▸ REQUIRED WORK
Without the pictures, retype exactly the lines from the top of the entries below through the line that contains "株式会社サンマルクカフェ(本社:岡山県岡山市 代表取締役社長:鎌田 滋之)は、".

*** INFORMATION PROVIDED ***

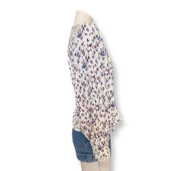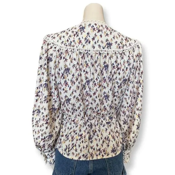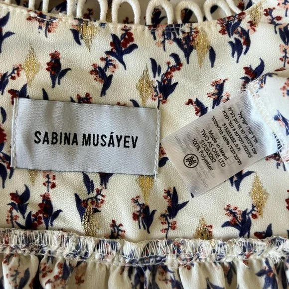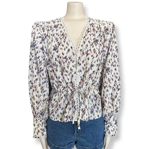 Sabina Musayev Sage TopNew No TagsThe Sabina Musayev Sage Top features a botanical print on a woven polyester. Loop details at V-neckline, shoulders, back yoke, and bishop sleeve cuffs. Pleated detail at back and tie waist create a unique silhouette.FRONT BUTTON CLOSURESIZE MPIT TO PIT 19''LENGTH FROM SGOULDER TO HEM 20''SLEEVE LENGTH 23''ADJUSTABLE WAIST FITS THE MOSTPlease note that all measurements were taken while garment waslaying flat and unstretched#MASAYEV #SABINA #SAGE #BOHO #BISHOPTPD712
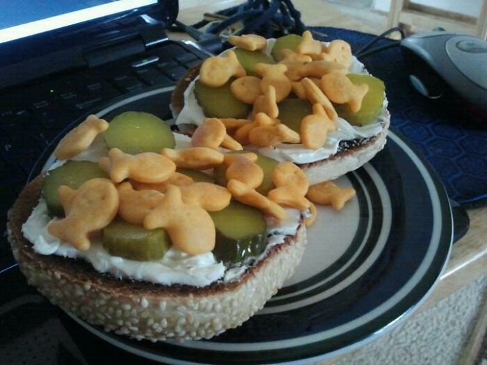Bajgel z masłem orzechowym i ogórkami konserwowymi — masło orzechowe pasuje do wszystkiego
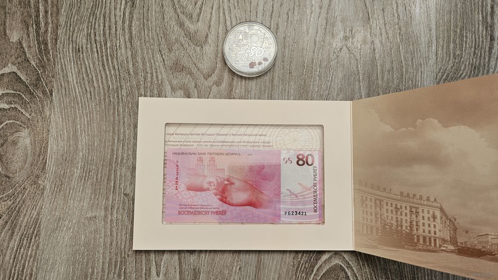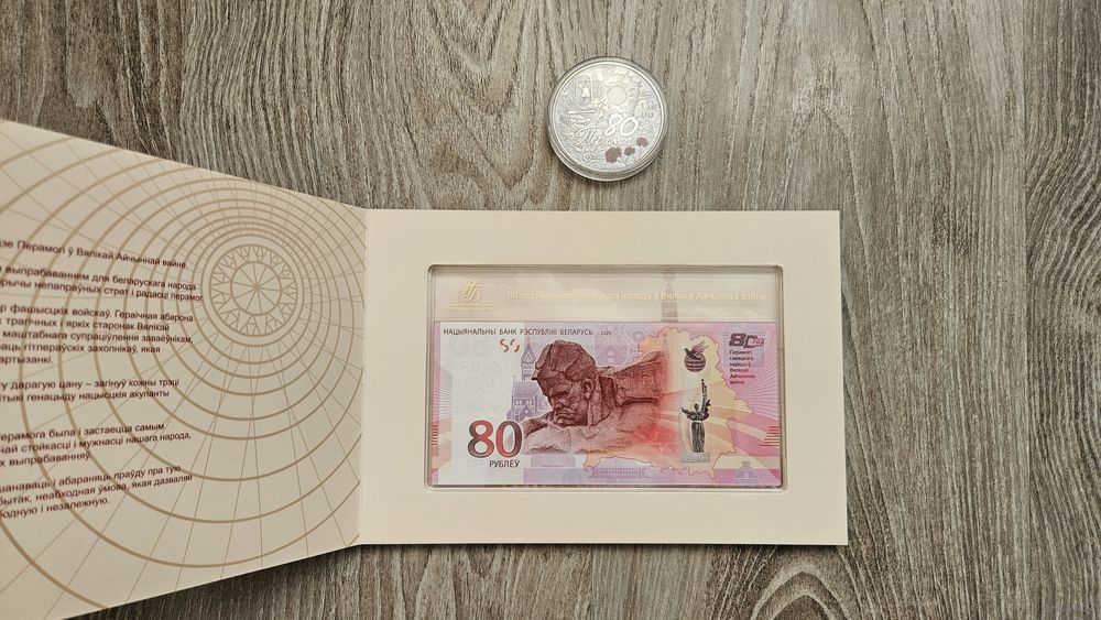 Набор Монета 20 рублей серебро + Купюра 80 рублей 80 лет Победы 2025.
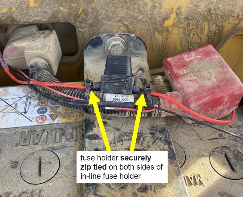 - Take a picture of the power wire connection with fuse holder securely zip tied on both sides of in-line fuse holder and inline fuse mounted as close to positive battery terminal as possible
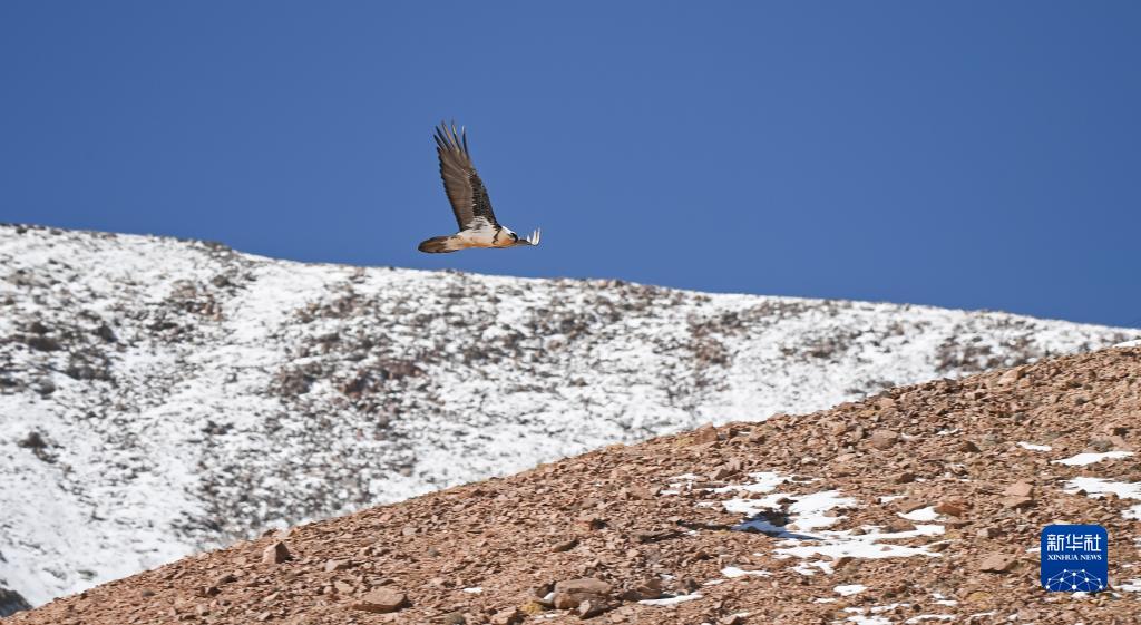 10月18日,在阿尔金山国家级自然保护区,一只胡兀鹫飞过阿木巴勒阿希坎山口。
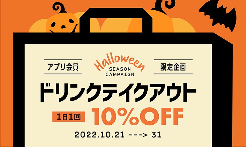 株式会社サンマルクカフェ(本社:岡山県岡山市 代表取締役社長:鎌田 滋之)は、 ドリンクのテイクアウトをより手軽に楽しんで頂けるようハロウィンシーズンの10/21(金)~10/31(月)期間中アプリ会員限定クーポンご利用でドリンクが10%OFFとなるキャンペーンを行います。
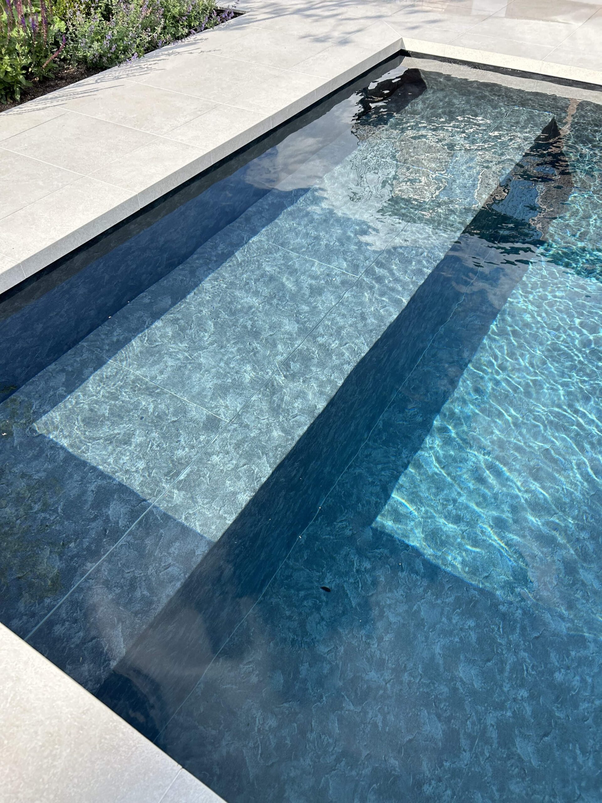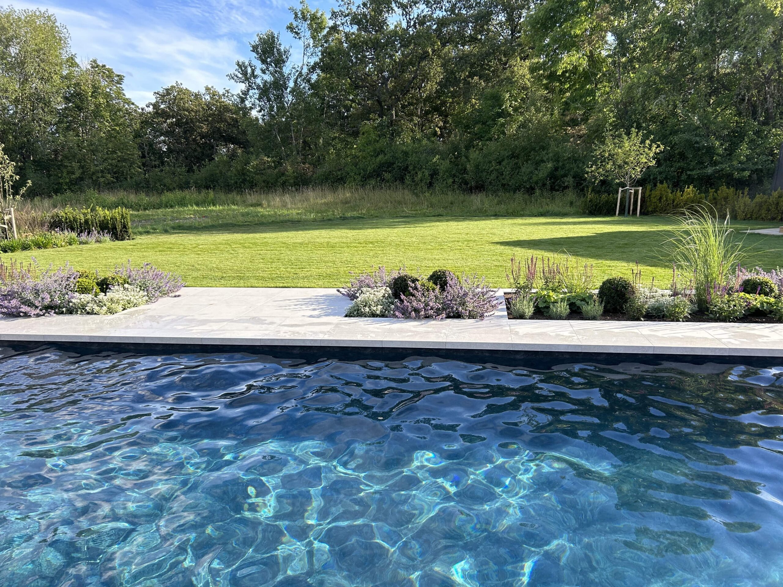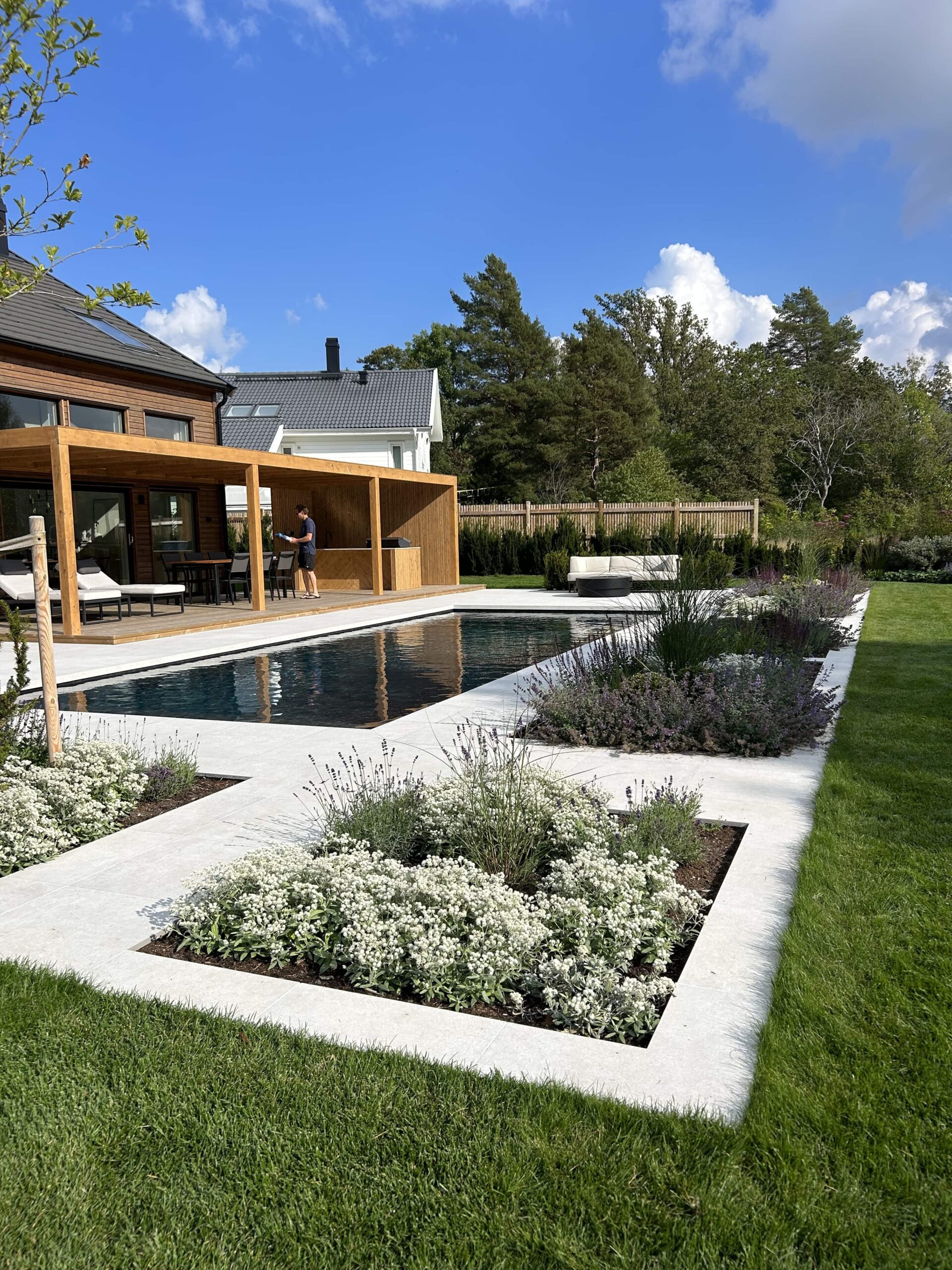 Poolområdet färdigställdes med plattläggning i Luna Pearl från Scandirock och rak kantsten som ger ett sammanhållet och exklusivt intryck. Poolen kläddes med svetsad liner i Black Slate från CGT. Ett stort och komplext projekt som blev särskilt lyckat tack vare ett nära samarbete med en engagerad kund och en tydlig vision från start.
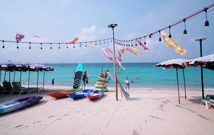 На острове быстро загружаемся и едем на пляж Monkey beach - самый красивый и спокойный пляж Ко Ларна, не смотря на немного цыганское оформление
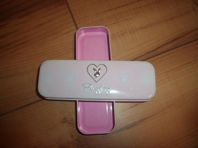 Playboy rožinis nedidukas penalas. Poroje vietų matyti, kad buvo naudotas, bet būklė vistiek labai gera.
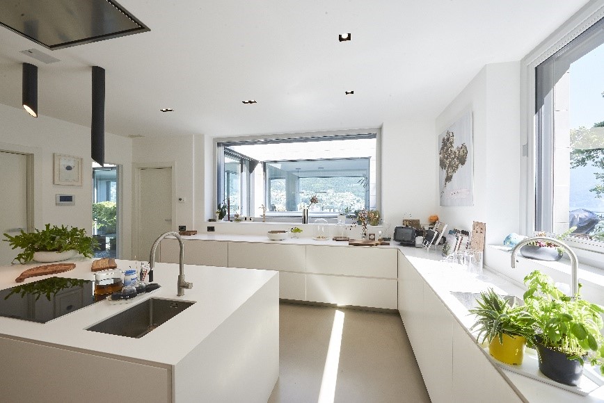 „OFICINASGA“ dizaino studijos įkūrėjas architektas Gianpaolo Sala, sukūręs vienos iš vilų interjerą, sakė: „Pagrindinė idėja buvo sukurti išorinį konteinerį, kuris užtikrintų vaizdų pralaidumą iš bet kurio taško name, su ežeru fone“.

***

▸ EXPECTED ANSWER
 Sabina Musayev Sage TopNew No TagsThe Sabina Musayev Sage Top features a botanical print on a woven polyester. Loop details at V-neckline, shoulders, back yoke, and bishop sleeve cuffs. Pleated detail at back and tie waist create a unique silhouette.FRONT BUTTON CLOSURESIZE MPIT TO PIT 19''LENGTH FROM SGOULDER TO HEM 20''SLEEVE LENGTH 23''ADJUSTABLE WAIST FITS THE MOSTPlease note that all measurements were taken while garment waslaying flat and unstretched#MASAYEV #SABINA #SAGE #BOHO #BISHOPTPD712
Bajgel z masłem orzechowym i ogórkami konserwowymi — masło orzechowe pasuje do wszystkiego
 Набор Монета 20 рублей серебро + Купюра 80 рублей 80 лет Победы 2025.
 - Take a picture of the power wire connection with fuse holder securely zip tied on both sides of in-line fuse holder and inline fuse mounted as close to positive battery terminal as possible
 10月18日,在阿尔金山国家级自然保护区,一只胡兀鹫飞过阿木巴勒阿希坎山口。
 株式会社サンマルクカフェ(本社:岡山県岡山市 代表取締役社長:鎌田 滋之)は、 ドリンクのテイクアウトをより手軽に楽しんで頂けるようハロウィンシーズンの10/21(金)~10/31(月)期間中アプリ会員限定クーポンご利用でドリンクが10%OFFとなるキャンペーンを行います。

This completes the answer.